### EXERCISE GOAL
Copy out the records precisely, omitting pictures.

:::::

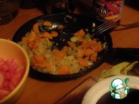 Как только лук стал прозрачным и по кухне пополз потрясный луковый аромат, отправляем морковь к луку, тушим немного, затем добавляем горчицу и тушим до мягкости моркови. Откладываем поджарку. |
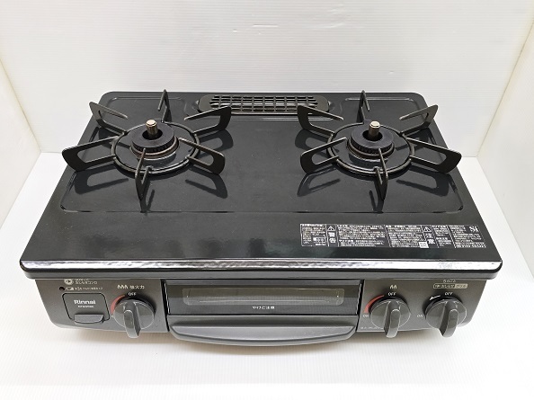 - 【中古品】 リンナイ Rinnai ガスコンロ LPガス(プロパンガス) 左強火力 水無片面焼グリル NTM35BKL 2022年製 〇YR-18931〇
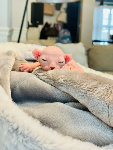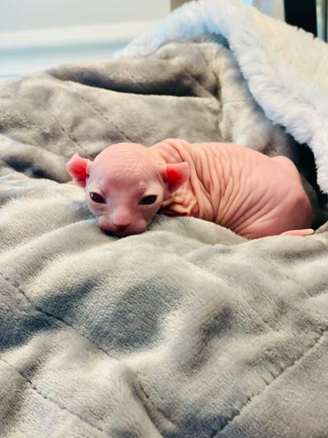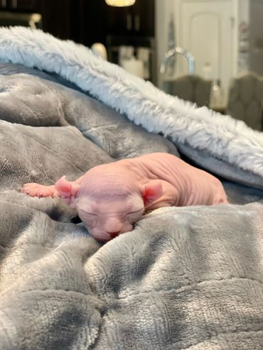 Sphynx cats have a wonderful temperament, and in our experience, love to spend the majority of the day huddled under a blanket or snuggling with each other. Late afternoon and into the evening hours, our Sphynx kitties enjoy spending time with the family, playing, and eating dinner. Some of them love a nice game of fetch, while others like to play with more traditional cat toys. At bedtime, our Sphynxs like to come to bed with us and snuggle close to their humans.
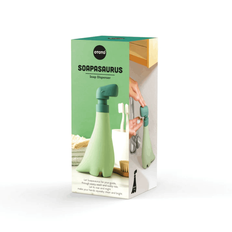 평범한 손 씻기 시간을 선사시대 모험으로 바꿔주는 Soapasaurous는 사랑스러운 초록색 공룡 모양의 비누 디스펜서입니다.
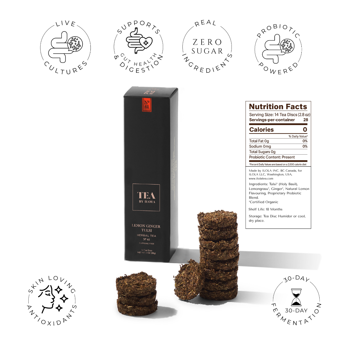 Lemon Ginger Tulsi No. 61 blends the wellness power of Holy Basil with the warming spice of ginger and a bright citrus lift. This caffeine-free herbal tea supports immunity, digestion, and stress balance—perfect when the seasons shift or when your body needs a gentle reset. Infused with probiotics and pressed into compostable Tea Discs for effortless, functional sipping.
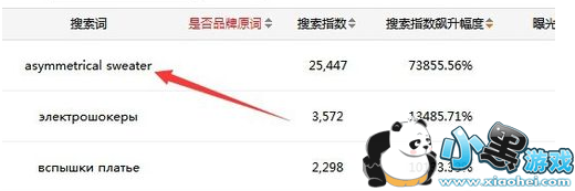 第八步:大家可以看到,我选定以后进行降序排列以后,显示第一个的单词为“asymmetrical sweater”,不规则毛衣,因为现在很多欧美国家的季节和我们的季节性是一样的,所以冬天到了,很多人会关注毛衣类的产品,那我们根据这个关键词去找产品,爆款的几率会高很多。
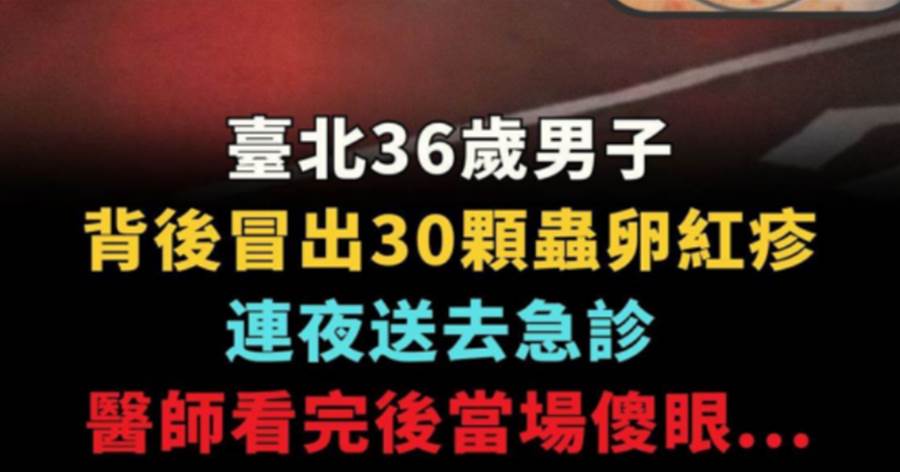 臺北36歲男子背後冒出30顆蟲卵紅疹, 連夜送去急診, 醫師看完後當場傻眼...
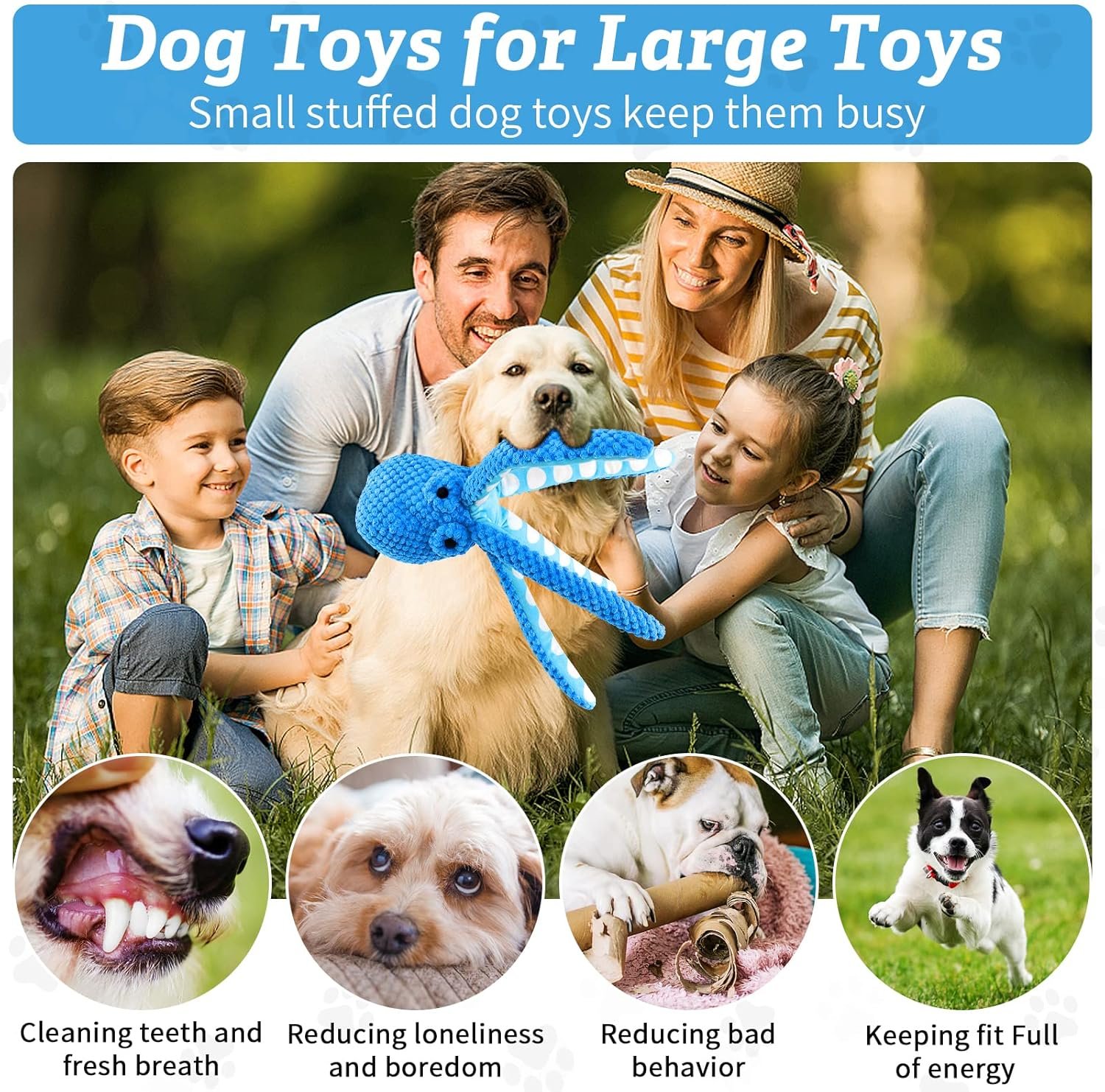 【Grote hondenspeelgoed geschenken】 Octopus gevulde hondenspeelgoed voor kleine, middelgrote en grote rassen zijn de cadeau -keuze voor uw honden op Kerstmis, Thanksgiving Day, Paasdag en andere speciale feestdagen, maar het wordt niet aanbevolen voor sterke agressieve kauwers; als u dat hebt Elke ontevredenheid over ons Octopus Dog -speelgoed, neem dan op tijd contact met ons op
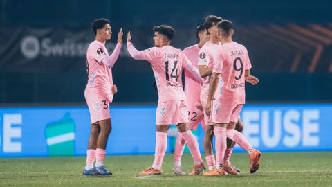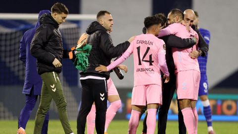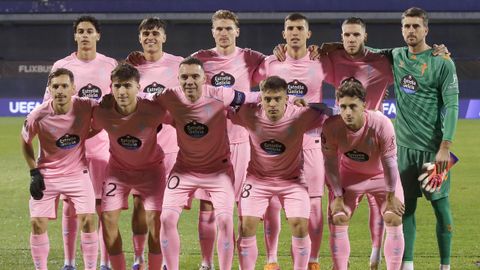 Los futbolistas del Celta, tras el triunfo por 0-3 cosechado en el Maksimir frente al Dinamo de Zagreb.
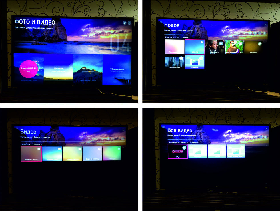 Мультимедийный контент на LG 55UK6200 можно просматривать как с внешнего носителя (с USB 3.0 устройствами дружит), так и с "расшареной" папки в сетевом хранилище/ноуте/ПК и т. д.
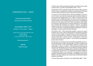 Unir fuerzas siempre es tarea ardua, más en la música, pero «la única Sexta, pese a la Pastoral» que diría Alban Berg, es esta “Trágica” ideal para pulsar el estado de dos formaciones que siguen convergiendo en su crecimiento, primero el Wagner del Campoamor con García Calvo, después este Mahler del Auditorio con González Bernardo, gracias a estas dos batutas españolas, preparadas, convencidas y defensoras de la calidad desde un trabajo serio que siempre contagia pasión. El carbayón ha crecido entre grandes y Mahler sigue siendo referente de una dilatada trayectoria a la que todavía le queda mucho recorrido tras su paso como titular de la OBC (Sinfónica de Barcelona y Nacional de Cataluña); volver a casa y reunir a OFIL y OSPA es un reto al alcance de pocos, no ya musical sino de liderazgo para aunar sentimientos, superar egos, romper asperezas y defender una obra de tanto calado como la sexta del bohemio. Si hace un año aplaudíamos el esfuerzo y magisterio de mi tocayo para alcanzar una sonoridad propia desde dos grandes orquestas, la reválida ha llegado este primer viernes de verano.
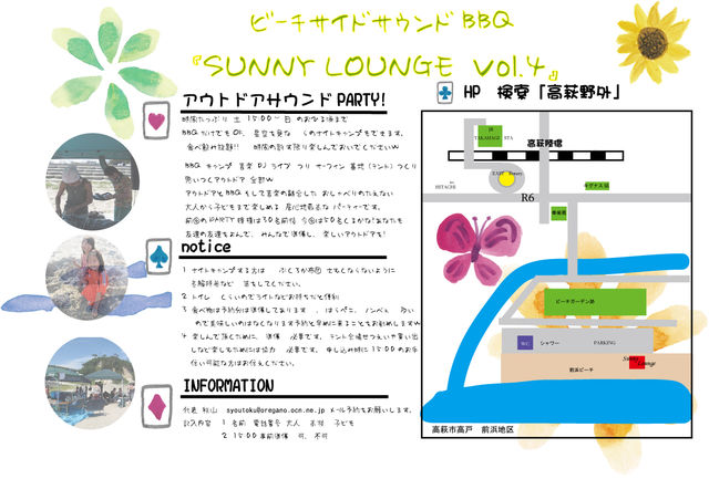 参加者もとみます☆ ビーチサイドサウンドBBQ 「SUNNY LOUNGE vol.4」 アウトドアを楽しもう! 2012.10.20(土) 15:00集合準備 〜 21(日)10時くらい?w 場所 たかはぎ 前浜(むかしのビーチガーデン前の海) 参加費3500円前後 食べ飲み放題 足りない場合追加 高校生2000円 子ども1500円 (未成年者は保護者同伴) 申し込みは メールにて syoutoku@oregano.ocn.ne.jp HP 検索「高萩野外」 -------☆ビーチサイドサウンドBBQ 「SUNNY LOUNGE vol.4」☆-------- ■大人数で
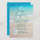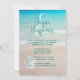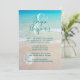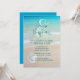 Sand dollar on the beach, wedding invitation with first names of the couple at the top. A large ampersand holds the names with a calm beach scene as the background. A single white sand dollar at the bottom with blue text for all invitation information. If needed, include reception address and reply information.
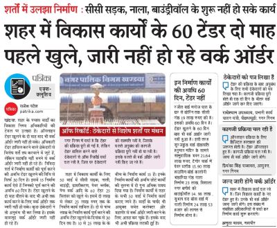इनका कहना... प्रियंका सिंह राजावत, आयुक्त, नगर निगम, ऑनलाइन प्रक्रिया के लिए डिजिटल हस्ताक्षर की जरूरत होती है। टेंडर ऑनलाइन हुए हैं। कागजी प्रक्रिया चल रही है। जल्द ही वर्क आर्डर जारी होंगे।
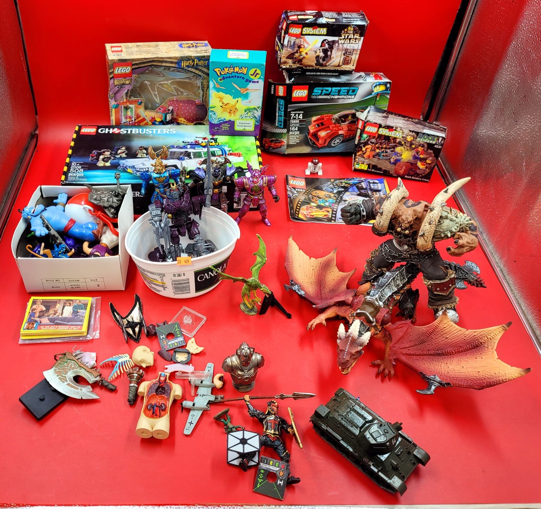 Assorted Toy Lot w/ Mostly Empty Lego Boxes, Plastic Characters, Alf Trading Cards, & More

:::::

### ANSWER SPACE
 Как только лук стал прозрачным и по кухне пополз потрясный луковый аромат, отправляем морковь к луку, тушим немного, затем добавляем горчицу и тушим до мягкости моркови. Откладываем поджарку. |
 - 【中古品】 リンナイ Rinnai ガスコンロ LPガス(プロパンガス) 左強火力 水無片面焼グリル NTM35BKL 2022年製 〇YR-18931〇
 Sphynx cats have a wonderful temperament, and in our experience, love to spend the majority of the day huddled under a blanket or snuggling with each other. Late afternoon and into the evening hours, our Sphynx kitties enjoy spending time with the family, playing, and eating dinner. Some of them love a nice game of fetch, while others like to play with more traditional cat toys. At bedtime, our Sphynxs like to come to bed with us and snuggle close to their humans.
 평범한 손 씻기 시간을 선사시대 모험으로 바꿔주는 Soapasaurous는 사랑스러운 초록색 공룡 모양의 비누 디스펜서입니다.
 Lemon Ginger Tulsi No. 61 blends the wellness power of Holy Basil with the warming spice of ginger and a bright citrus lift. This caffeine-free herbal tea supports immunity, digestion, and stress balance—perfect when the seasons shift or when your body needs a gentle reset. Infused with probiotics and pressed into compostable Tea Discs for effortless, functional sipping.
 第八步:大家可以看到,我选定以后进行降序排列以后,显示第一个的单词为“asymmetrical sweater”,不规则毛衣,因为现在很多欧美国家的季节和我们的季节性是一样的,所以冬天到了,很多人会关注毛衣类的产品,那我们根据这个关键词去找产品,爆款的几率会高很多。
 臺北36歲男子背後冒出30顆蟲卵紅疹, 連夜送去急診, 醫師看完後當場傻眼...
 【Grote hondenspeelgoed geschenken】 Octopus gevulde hondenspeelgoed voor kleine, middelgrote en grote rassen zijn de cadeau -keuze voor uw honden op Kerstmis, Thanksgiving Day, Paasdag en andere speciale feestdagen, maar het wordt niet aanbevolen voor sterke agressieve kauwers; als u dat hebt Elke ontevredenheid over ons Octopus Dog -speelgoed, neem dan op tijd contact met ons op
 Los futbolistas del Celta, tras el triunfo por 0-3 cosechado en el Maksimir frente al Dinamo de Zagreb.
 Мультимедийный контент на LG 55UK6200 можно просматривать как с внешнего носителя (с USB 3.0 устройствами дружит), так и с "расшареной" папки в сетевом хранилище/ноуте/ПК и т. д.
 Unir fuerzas siempre es tarea ardua, más en la música, pero «la única Sexta, pese a la Pastoral» que diría Alban Berg, es esta “Trágica” ideal para pulsar el estado de dos formaciones que siguen convergiendo en su crecimiento, primero el Wagner del Campoamor con García Calvo, después este Mahler del Auditorio con González Bernardo, gracias a estas dos batutas españolas, preparadas, convencidas y defensoras de la calidad desde un trabajo serio que siempre contagia pasión. El carbayón ha crecido entre grandes y Mahler sigue siendo referente de una dilatada trayectoria a la que todavía le queda mucho recorrido tras su paso como titular de la OBC (Sinfónica de Barcelona y Nacional de Cataluña); volver a casa y reunir a OFIL y OSPA es un reto al alcance de pocos, no ya musical sino de liderazgo para aunar sentimientos, superar egos, romper asperezas y defender una obra de tanto calado como la sexta del bohemio. Si hace un año aplaudíamos el esfuerzo y magisterio de mi tocayo para alcanzar una sonoridad propia desde dos grandes orquestas, la reválida ha llegado este primer viernes de verano.
 参加者もとみます☆ ビーチサイドサウンドBBQ 「SUNNY LOUNGE vol.4」 アウトドアを楽しもう! 2012.10.20(土) 15:00集合準備 〜 21(日)10時くらい?w 場所 たかはぎ 前浜(むかしのビーチガーデン前の海) 参加費3500円前後 食べ飲み放題 足りない場合追加 高校生2000円 子ども1500円 (未成年者は保護者同伴) 申し込みは メールにて syoutoku@oregano.ocn.ne.jp HP 検索「高萩野外」 -------☆ビーチサイドサウンドBBQ 「SUNNY LOUNGE vol.4」☆-------- ■大人数で
 Sand dollar on the beach, wedding invitation with first names of the couple at the top. A large ampersand holds the names with a calm beach scene as the background. A single white sand dollar at the bottom with blue text for all invitation information. If needed, include reception address and reply information.
इनका कहना... प्रियंका सिंह राजावत, आयुक्त, नगर निगम, ऑनलाइन प्रक्रिया के लिए डिजिटल हस्ताक्षर की जरूरत होती है। टेंडर ऑनलाइन हुए हैं। कागजी प्रक्रिया चल रही है। जल्द ही वर्क आर्डर जारी होंगे।
 Assorted Toy Lot w/ Mostly Empty Lego Boxes, Plastic Characters, Alf Trading Cards, & More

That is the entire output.